“Accuracy” and “Precision” are two words that have cherished value to watch connoisseurs yet, often get lightly interchanged with the impression that they mean the same thing, which they don’t. Different, not entirely related, but in a perfect world the goal is to have both when it comes to a watch.

Outside Watches

Perhaps the best way to describe the two would be to picture a bullseye at a range of some sort as below:

A bullseye

The obvious goal is to get all your shots straight in the center but let’s evaluate four different scenarios, using 4 shots per round.

A) Scattered shots in the outer white ring: In such a case you would not be accurate nor precise.

B) 4 shots in close proximity to each other but in the outer white ring: Precise but not accurate.

C) Scattered shots in the yellow zone: Accurate but not precise.

D) 4 shots in close proximity and all in the yellow zone: Accurate and precise.

You can conclude that accuracy focuses more at a general level and you could be accurate but have no idea what you are doing. On the other hand, it is far more difficult for someone to repeat the same exacts shot all in a row, which generally shows signs of more skill than the former.

Relating to Watches

When it comes to watch movements, the two terms can be related to in a similar manner. Take a watch movement and sync it at 10:00:00 and observe it. Let’s say that at the first observation, it gained +4 s/d and at the second it gained an additional +2 s/d leaving it at a total of +6 seconds. On the third observation, it was recorded at -6 seconds. In the end, your watch would be displaying a completely synced time, making it accurate however, the fact that the rates where inconsistent means it wasn’t very precise.

More directly, a watch that shows rate changes of +3, +6, -3, +2, over four days is far less precise than a watch that has a consistent rate of +2 s/d over that same period.

For a watchmaker, the goal is to have ultimate precision first. Even with a watch that consistently gains +10 s/d, it is more preferred as the “fix” would be to simply adjust the regulator. However, having inconsistency in your readings would indicate that there is instability and the problem far exceeds the solution of a simple regulation. In such a case, there is a problem with the energy flow within the movement and could even be a sign of a poorly made movement.

Regulation Standards

Sometimes, brands will be very open about their testing standards; i.e. to what range do they regulate their watches. As an example, the COSC testing uses a range of -4/+6 s/d. The ultimate goal is to have a watch with no deviation at all but for a mechanical watch, that is never the case. What we can say is that the smaller the range is, the more accurate the watch will be; adding the more consistent the results are, the more precise the movement is.

Calibre 1304 (CS & CB)
According to Journe, the most stable movement he makes.

Personal Comments

I have met my fair share of enthusiasts who closely observe the timekeeping of their watches, noting that some are far more extreme and unforgiving than others. I admit, at one time I was also obsessing over these tests but found myself not enjoying my watches so much. I wasn’t getting very poor results but I was also pushing for no deviations at all which set extremely ridiculous standards for myself and my timepieces. I have thus, for a long time, been completely careless with testing my watches. For starters, I rarely depend on my watch to tell time as wherever I look, there is always something far more efficient (car nav, phone, computer, etc.) to extract the time from.
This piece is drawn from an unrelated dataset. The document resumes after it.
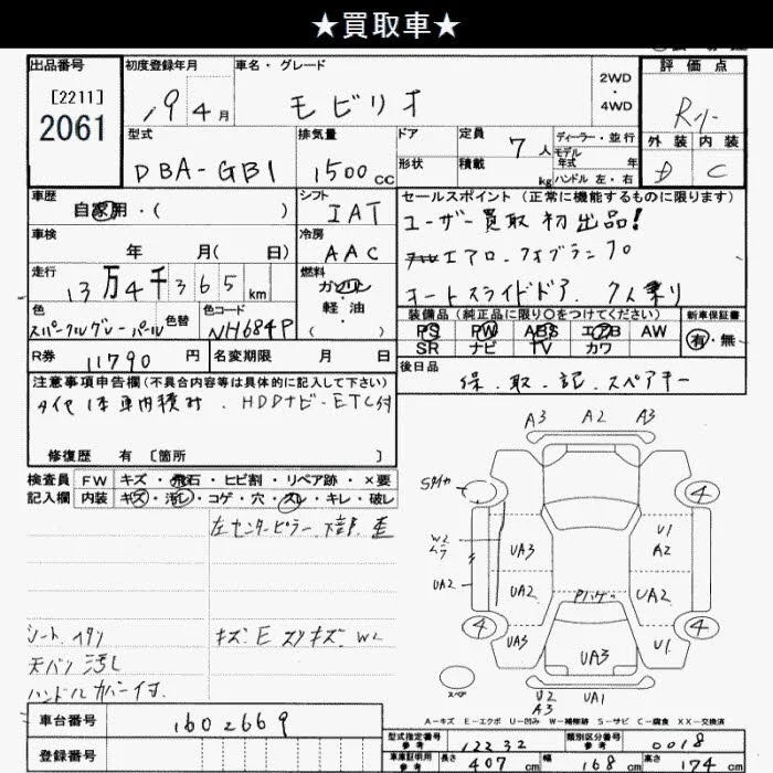 Honda MOBILIO с аукциона Японии JU Saitama лот № 2061

In addition, while I used to spend 2 minutes setting my watches precisely in sync, I have long given up on that too. Obsessing over such a detail is very difficult for me to keep up with as my watches don’t hack. All in, do I really want to spend at least 3 minutes to set my watch, which I will be upset over if it is 5 seconds ahead, to which I will wait 3 weeks to send it to the factory for a regulation? Not worth it. The best thing is to just enjoy the piece unless I have a serious problem which would make my watch look significantly different over 5 days.
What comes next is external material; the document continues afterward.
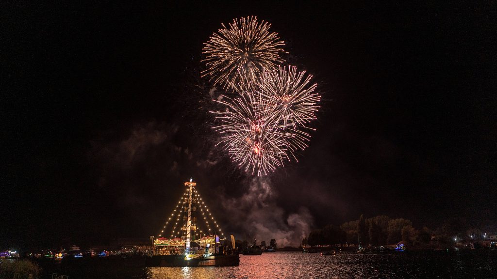 Fiesta fluvial tradicional con show en barcos, fuegos artificiales y comparsas acuáticas.

So why this article? I told you I stopped caring over testing my watches and that remains true. However, I had brought a few questions to FPJ not long ago (which might be posted later) and his answers made me curious. You see, the brand does not reveal their regulation standards which is quite bizarre for a company that claims extremely precise timepieces; yet his response was so confident that it made me curious. I went home and figured, why not test whatever watch I was wearing for fun, and I did. The results were extremely satisfying actually with this particular test example having a deviation of -1 s/d, over 4 days consistently. Needless to say, I was motivated and excited enough to put this together.